In the entries below, begin at the line that has "Montre bracelet en" and stop after the line that has "Из квадрата сделать"; output those lines exactly, leaving out pictures.

SUPPLIED RECORDS Block Start

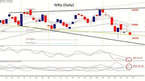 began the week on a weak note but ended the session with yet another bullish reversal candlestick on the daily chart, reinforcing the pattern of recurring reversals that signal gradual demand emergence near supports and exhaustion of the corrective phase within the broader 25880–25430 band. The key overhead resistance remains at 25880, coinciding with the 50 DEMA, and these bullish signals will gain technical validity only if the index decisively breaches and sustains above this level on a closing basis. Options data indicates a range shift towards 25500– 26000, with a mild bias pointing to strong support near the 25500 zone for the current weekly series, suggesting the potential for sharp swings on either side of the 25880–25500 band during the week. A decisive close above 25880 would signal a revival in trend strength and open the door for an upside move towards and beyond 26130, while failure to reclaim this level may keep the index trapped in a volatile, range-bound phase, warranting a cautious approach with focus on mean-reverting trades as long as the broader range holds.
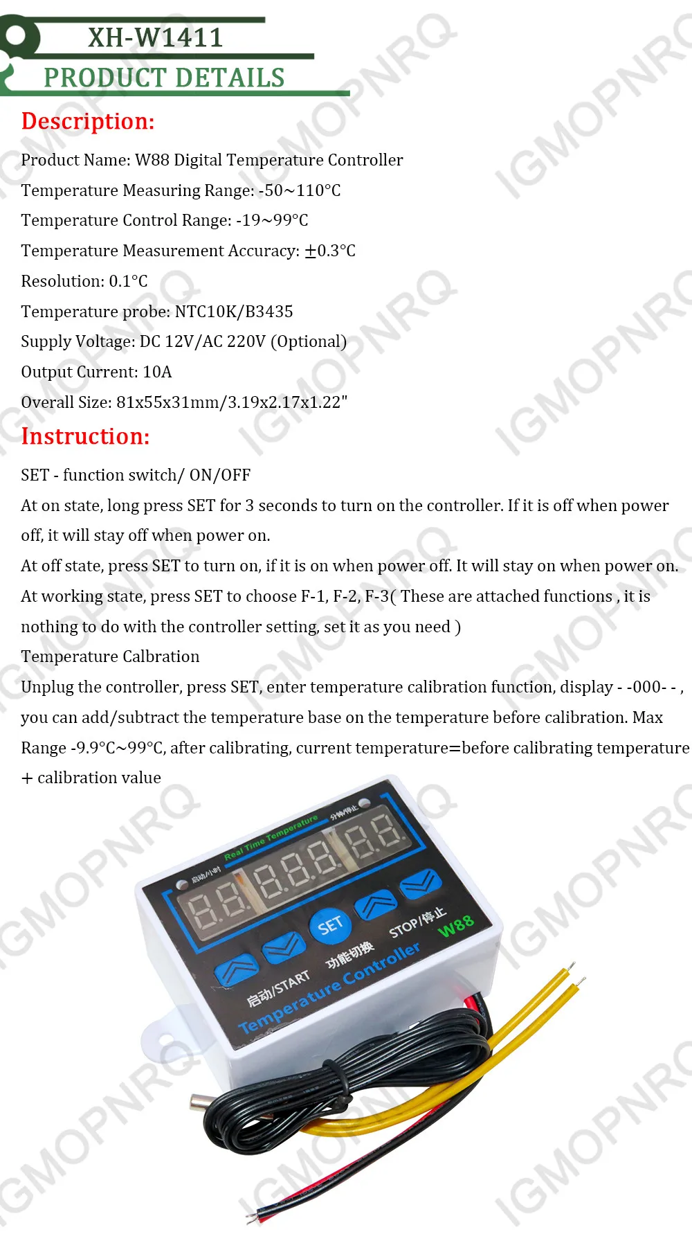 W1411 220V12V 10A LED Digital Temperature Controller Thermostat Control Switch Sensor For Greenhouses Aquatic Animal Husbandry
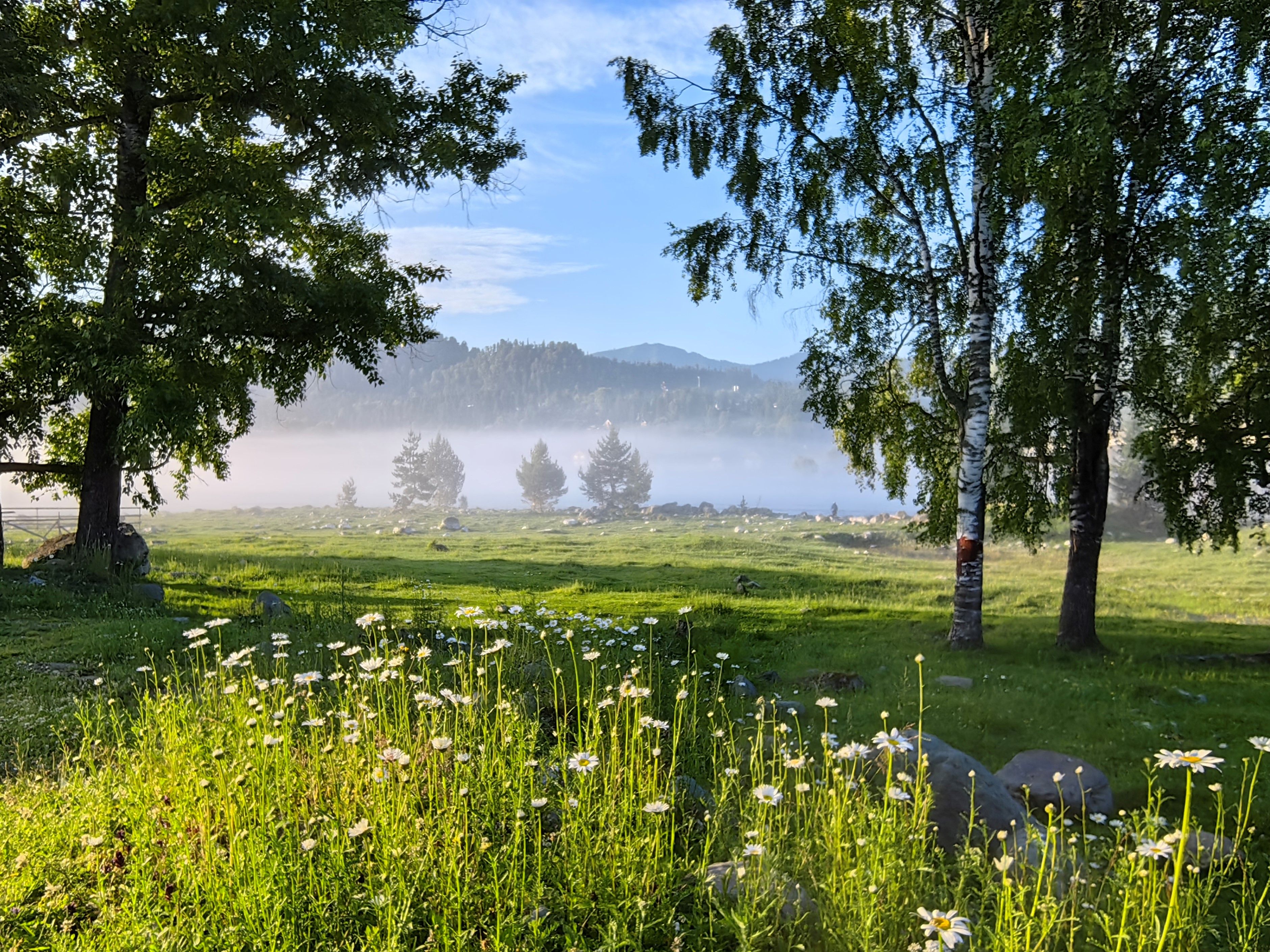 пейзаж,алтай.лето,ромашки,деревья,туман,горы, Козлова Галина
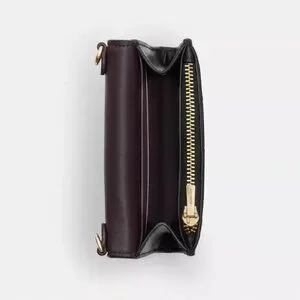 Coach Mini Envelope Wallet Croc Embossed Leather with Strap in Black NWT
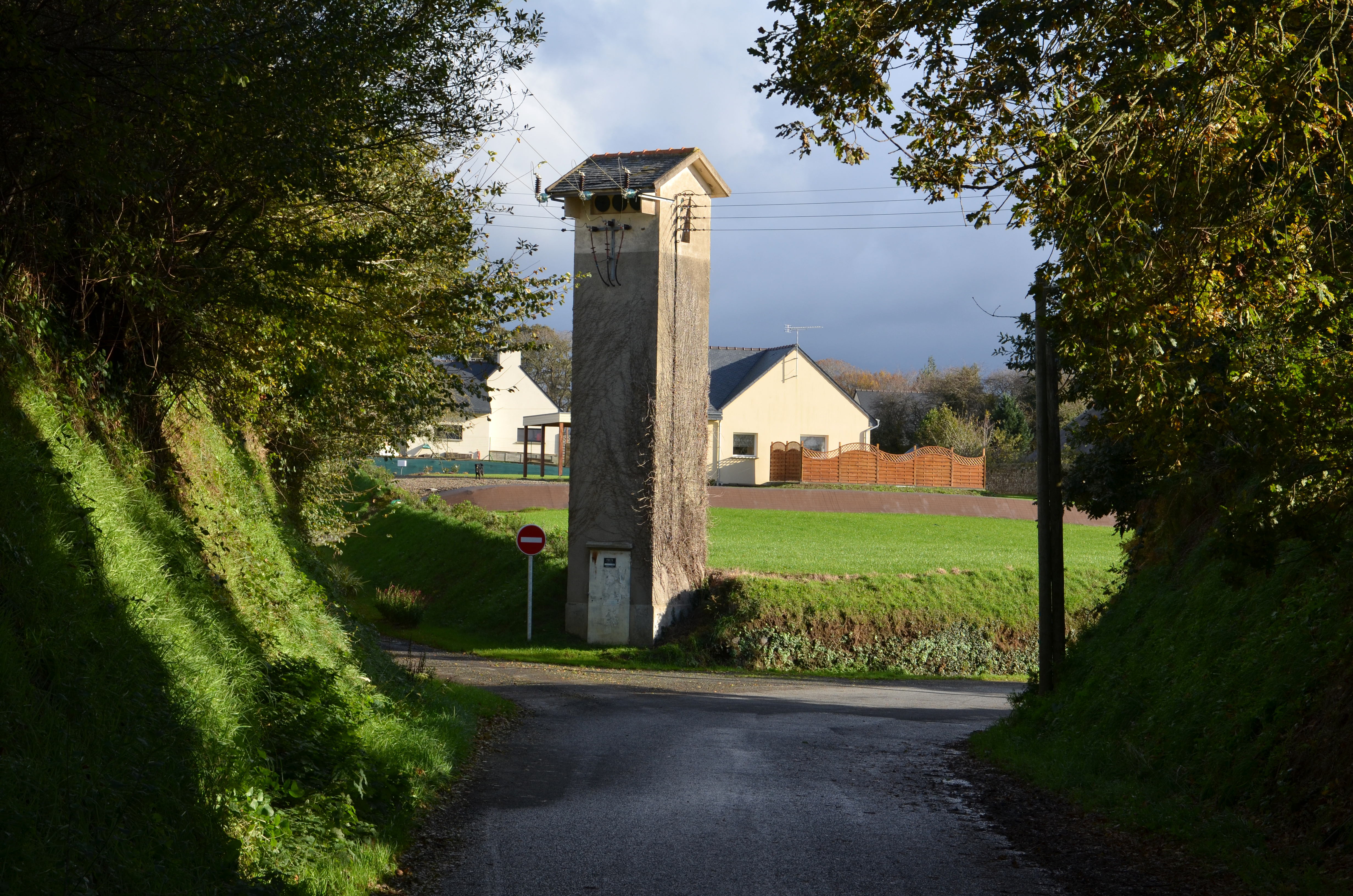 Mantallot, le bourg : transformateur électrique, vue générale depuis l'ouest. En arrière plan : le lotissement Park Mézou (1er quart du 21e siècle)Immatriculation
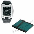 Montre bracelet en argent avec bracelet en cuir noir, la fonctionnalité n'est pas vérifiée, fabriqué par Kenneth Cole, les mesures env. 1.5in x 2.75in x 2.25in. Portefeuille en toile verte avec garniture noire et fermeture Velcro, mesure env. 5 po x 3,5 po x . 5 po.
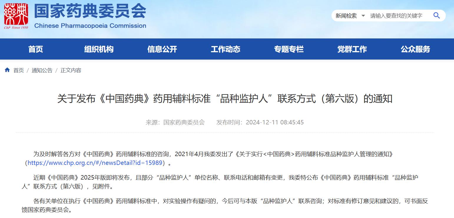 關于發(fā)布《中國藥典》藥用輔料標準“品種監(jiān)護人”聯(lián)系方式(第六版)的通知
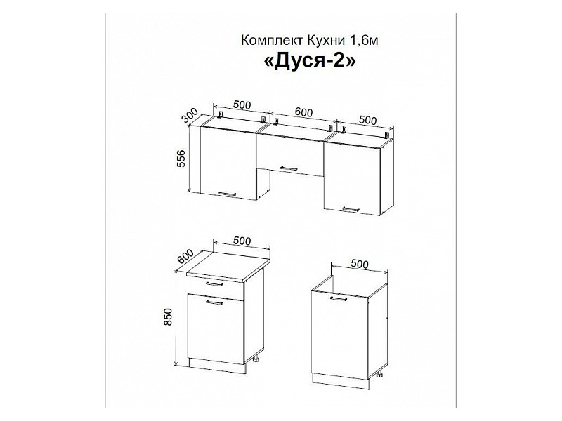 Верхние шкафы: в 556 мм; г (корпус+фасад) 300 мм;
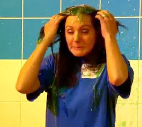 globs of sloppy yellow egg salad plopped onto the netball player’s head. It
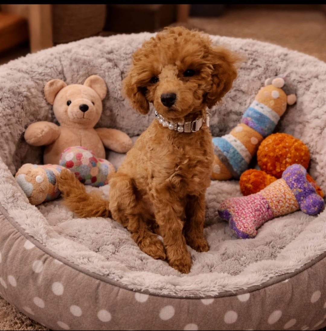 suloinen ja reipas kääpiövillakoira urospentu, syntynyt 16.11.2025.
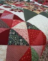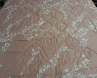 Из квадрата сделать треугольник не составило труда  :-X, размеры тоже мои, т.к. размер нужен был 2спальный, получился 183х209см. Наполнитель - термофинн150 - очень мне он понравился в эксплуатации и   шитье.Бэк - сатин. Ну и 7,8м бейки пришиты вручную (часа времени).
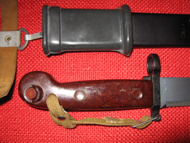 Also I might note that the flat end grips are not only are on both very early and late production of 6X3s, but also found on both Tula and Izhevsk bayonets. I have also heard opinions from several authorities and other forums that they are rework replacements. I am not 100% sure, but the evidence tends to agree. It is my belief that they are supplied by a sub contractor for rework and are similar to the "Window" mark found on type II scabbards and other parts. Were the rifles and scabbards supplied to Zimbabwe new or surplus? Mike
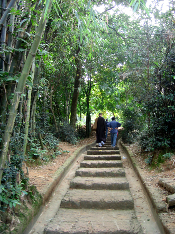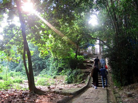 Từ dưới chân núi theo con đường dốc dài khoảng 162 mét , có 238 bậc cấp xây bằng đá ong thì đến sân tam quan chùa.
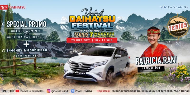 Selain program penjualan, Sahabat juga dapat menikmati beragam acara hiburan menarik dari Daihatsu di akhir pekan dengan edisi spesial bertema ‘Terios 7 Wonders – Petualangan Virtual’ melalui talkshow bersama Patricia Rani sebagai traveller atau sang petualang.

SUPPLIED RECORDS Block End

TASK RESPONSE »
 Montre bracelet en argent avec bracelet en cuir noir, la fonctionnalité n'est pas vérifiée, fabriqué par Kenneth Cole, les mesures env. 1.5in x 2.75in x 2.25in. Portefeuille en toile verte avec garniture noire et fermeture Velcro, mesure env. 5 po x 3,5 po x . 5 po.
 關于發(fā)布《中國藥典》藥用輔料標準“品種監(jiān)護人”聯(lián)系方式(第六版)的通知
 Верхние шкафы: в 556 мм; г (корпус+фасад) 300 мм;
 globs of sloppy yellow egg salad plopped onto the netball player’s head. It
 suloinen ja reipas kääpiövillakoira urospentu, syntynyt 16.11.2025.
 Из квадрата сделать треугольник не составило труда  :-X, размеры тоже мои, т.к. размер нужен был 2спальный, получился 183х209см. Наполнитель - термофинн150 - очень мне он понравился в эксплуатации и   шитье.Бэк - сатин. Ну и 7,8м бейки пришиты вручную (часа времени).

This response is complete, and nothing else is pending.